Categories: Platforms | Programming | XML Web Services

With the v1.6.0.0 out of the door, I've shipped what I think is our most interesting feature in years and resolved  an issue that was making RSS Bandit a nuisance to lots of sites on the Internet.

The feature I'm currently working on is an idea I'm calling supporting multiple feed sources. For a few years, we've had support for roaming your feed list and read/unread state between two computers using an FTP site, a shared folder or NewsGator Online. Although useful, this functionality has always seemed bolted on. You have to manually upload and download feeds from these locations instead of things happening automatically and transparently as they do with the typical mail reader + mail server scenario (e.g. Outlook + Exchange) which is the most comparable model.

My original idea for the feature was simply to make the existing NewsGator and RSS Bandit integration work automatically instead of via a manual download so it could be more like Outlook + Exchange. Then I realized that there could never be full integration because there are feeds that RSS Bandit can read that a Web-based feed reader like NewsGator Online can not (e.g. feeds within your company's intranet if you read feeds at work). This meant that we would need an explicit demarcation of feeds that roamed in NewsGator Online and those that were local to that machine.
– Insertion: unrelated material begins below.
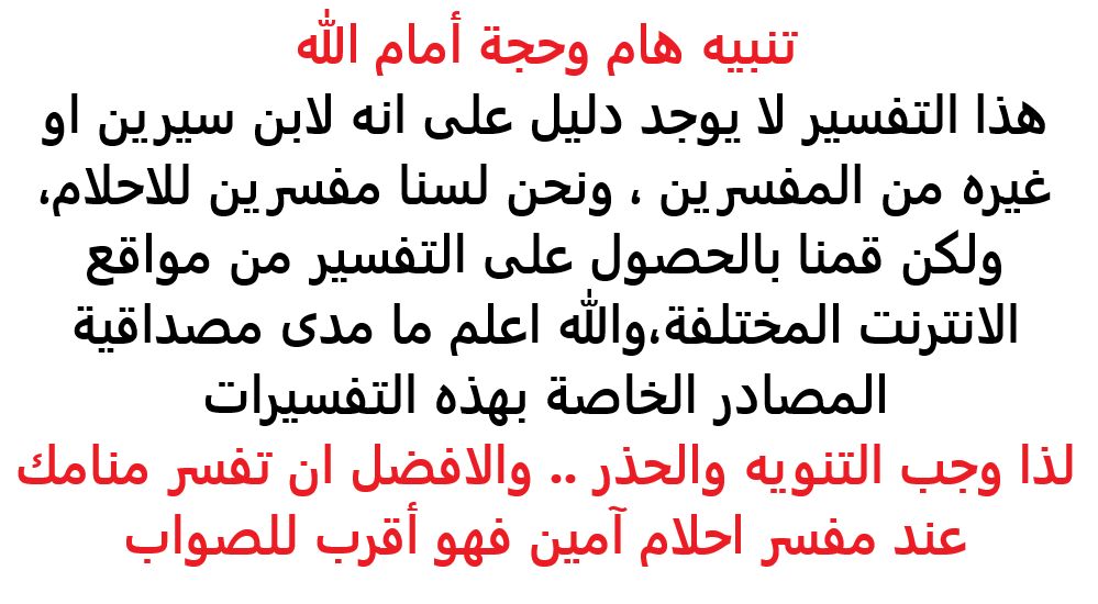 انتبه: مضمون هذا الخبر تم كتابته بواسطة ابن سيرين ولا يعبر عن وجهة نظر مصر اليوم وانما تم نقله بمحتواه كما هو من ابن سيرين ونحن غير مسئولين عن محتوى الخبر والعهدة علي المصدر السابق ذكرة.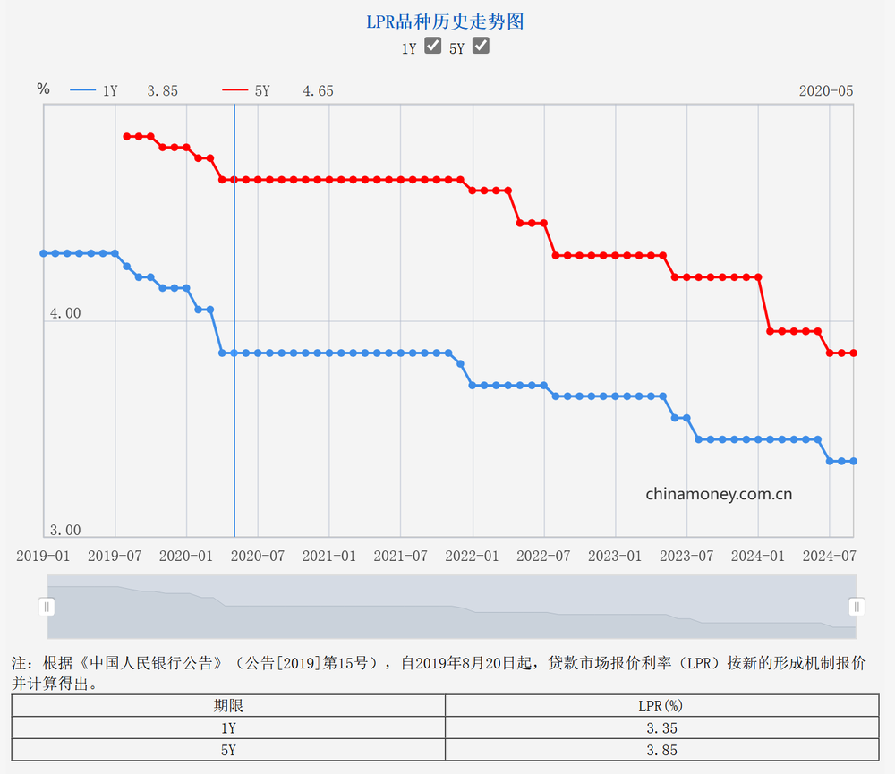 2024年9月20日,全國(guó)銀行間同業(yè)拆借中心公布新版LPR報(bào)價(jià):1年期品種報(bào)3.35%,上月為3.35%;5年期以上品種報(bào)3.85%,上月為3.85%。數(shù)據(jù)顯示,最新LPR維持不變,這使得市場(chǎng)預(yù)期落空。

In addition, I got a bunch of feedback from our users that there were a lot more of them using Google Reader than using NewsGator Online. Since I was already planning to do a bunch of work to streamline synchronizing with NewsGator Online, adding another Web-based feed reader didn't seem like a stretch. I'm currently working on a command line only prototype in IronPython which uses the information from the reverse engineered Google Reader API documentation to retrieve and update my feed subscriptions. I'm about part way through and it seems that the Google Reader API is as full featured as the NewsGator API so we should be good to go.  I should be able to integrate this functionality into RSS Bandit within the next few weeks.

The tricky part will be how the UI integration should work. For example, Google Reader doesn't support hierarchical folders of feeds like we do. Instead there is a flat namespace of tag names but each feed can have one or more tags applied to it. On the flip side, NewsGator Online uses the hierarchical folder model like RSS Bandit does. I'm considering moving to a more Google Reader friendly model in the next release where we flatten hierarchies and instead go with a flat tag-based approach to organizing feeds. For the case, of feeds synchronized from NewsGator Online we will prevent users from putting feeds in multiple categories since that won't be supported by the service.

Now Playing: Eminem - Evil Deeds


Categories: RSS Bandit

December 26, 2007
@ 05:22 PM

The new version of RSS Bandit is now available. This release fixes a bug that causes the application to repeatedly request favicons from a feed's website in a manner that eventually resembles a denial of service attack. The new feature in this release is the [Top Stories] button.

The rationale for the new feature is given in Omar Shahine's blog post entitled Google Reader needs Mute. Omar wrote

Here is a feature that Google Reader needs: Mute.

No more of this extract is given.